Our work is an example of application of big data analysis in laboratory setting, enabling real estimates of incidence of reinfection, to identify factors affecting reinfection, such as strains of the virus or patient immune characteristics, and ponder the involvement of the vaccine in this pandemic. The Big Data concept refers to a complex analysis of a huge set of data, which requires the use of dedicated analytical and statistical approaches. The method uses advanced computational methods to extract information from datasets and build new association models. There are multiple sources of data (administrative databases, electronic health records, epidemiological studies), so it is important to develop an appropriate integration and analysis system to translate the information from analysed data to appropriate clinical decisions.
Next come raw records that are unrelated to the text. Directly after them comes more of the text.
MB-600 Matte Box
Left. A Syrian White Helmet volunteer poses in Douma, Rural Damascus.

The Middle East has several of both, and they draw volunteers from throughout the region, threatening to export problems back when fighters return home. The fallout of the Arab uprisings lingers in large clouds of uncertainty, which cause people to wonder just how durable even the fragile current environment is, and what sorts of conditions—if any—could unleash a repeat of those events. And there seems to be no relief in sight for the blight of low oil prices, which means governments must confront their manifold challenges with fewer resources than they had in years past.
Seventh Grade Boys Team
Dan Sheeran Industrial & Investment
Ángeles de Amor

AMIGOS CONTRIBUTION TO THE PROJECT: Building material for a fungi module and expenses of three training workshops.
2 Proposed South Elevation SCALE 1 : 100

The growing data availability and greater analytical capacity, can improve results not only in the economic and financial fields, but also in public health, supporting diagnostic pathways, developing prognostic predictive models of disease, personalizing therapeutic regimens and, can also find an application in prevention initiatives [37, 38]. The application of Big Data analysis in healthcare has numerous advantages as it enables: (i) the integration of different datasets and builds different algorithms and more complex learning models to find new genetic, biological and clinical associations , (ii) direct analyses of data from an entire population, overcoming the limitations associated with statistical approaches applied to the analysis of data from a representative sample to make inference on a population (even if randomized controlled trials remain the "gold standard" to study treatment efficacy), (iii) the observation of effects of long-term treatments. However, this approach has limitations due to the high variability of data and data collection methodologies. These limits can be resolved by the use of adequate computation systems, thereby helping to reduce bias and make data more functional.
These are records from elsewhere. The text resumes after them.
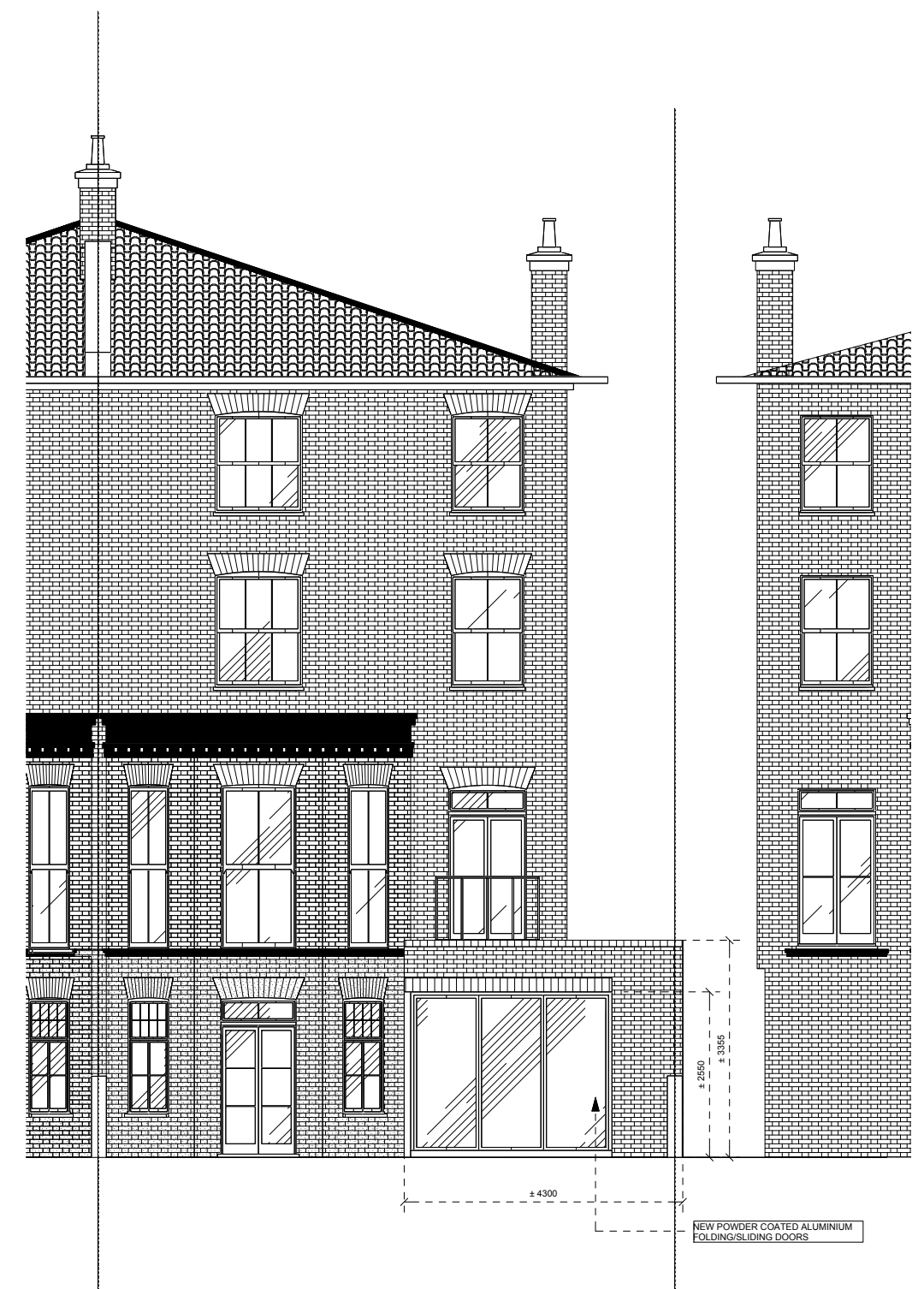
103 REAR ELEVATION AS APPROVED

AS PREVIOUSLY APPROVED DRAWING PLANNING REFERENCE: 2014/4359/P DRAWING NO. 056_01C
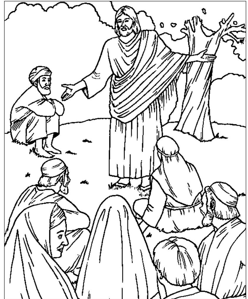
The Sermon on the Mount Matthew 5:1-12
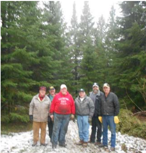
The team takes a break for the paparazzi!
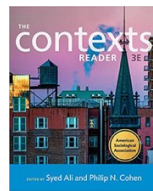
picture of course text Contexts reader 3 1
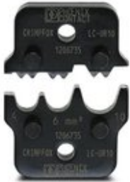
Crimp insert for tube lugs, 4.0 - 10.0 mm 2

Please be informed that the data shown in this PDF Document is generated from our Online Catalog. Please find the complete data in the user's documentation. Our General Terms of Use for Downloads are valid ( http://phoenixcontact.com/download )
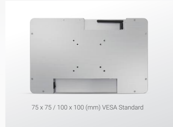
75 x 75 / 100 x 100 (mm) VESA Standard
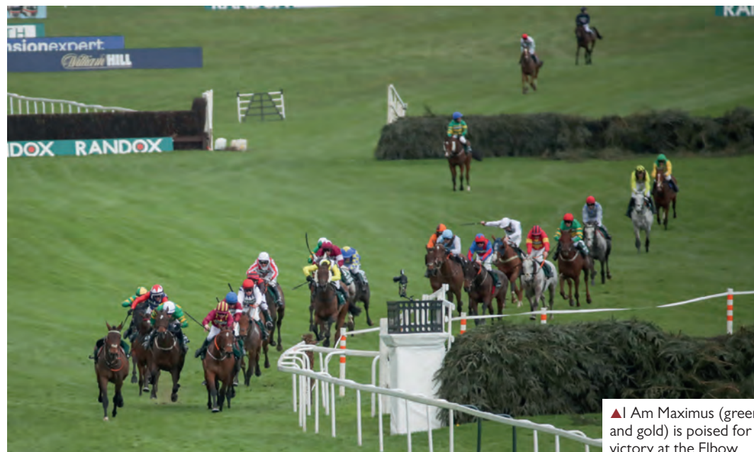
▲ I Am Maximus (green and gold) is poised for victory at the Elbow

In the interpretation of our results, some limitations due to the lack of information about symptoms and immunological status of subjects analyzed, and the viral strain causing infection and reinfection, should be considered. The definition of a positive result 90 days after an initial infection as reinfection used in this analysis cannot exclude a possible reactivation of a latent infection. Further, the true rate of infection is assumed to be underestimated, as many asymptomatic subjects are not tested for viral RNA research and, among those tested, genomic sequencing is not always performed, rendering the identification of the precise variants causing infection and reinfection very difficult to make. The third factor to consider in the evaluation of reinfection, is a potential false negative molecular result at discharge and a subsequent positive result being due to persistent infection .
Our big data analysis of a complete population confirms an overall risk of reinfection by SARS-CoV-2 of 3.5%, with unvaccinated and younger subjects more susceptible to reinfection. More data will become available over time, and big data analysis will enable its timely integration into considerations of targeted strategies to control and prevent reinfection, increasing value in the patient's care pathway and supporting healthcare systems. In the meanwhile, social distancing, the use of masks and hand hygiene remain the main preventative measures against primary infection and reinfection of SARS-CoV-2. A standardized approach to identify and report reinfection cases is necessary.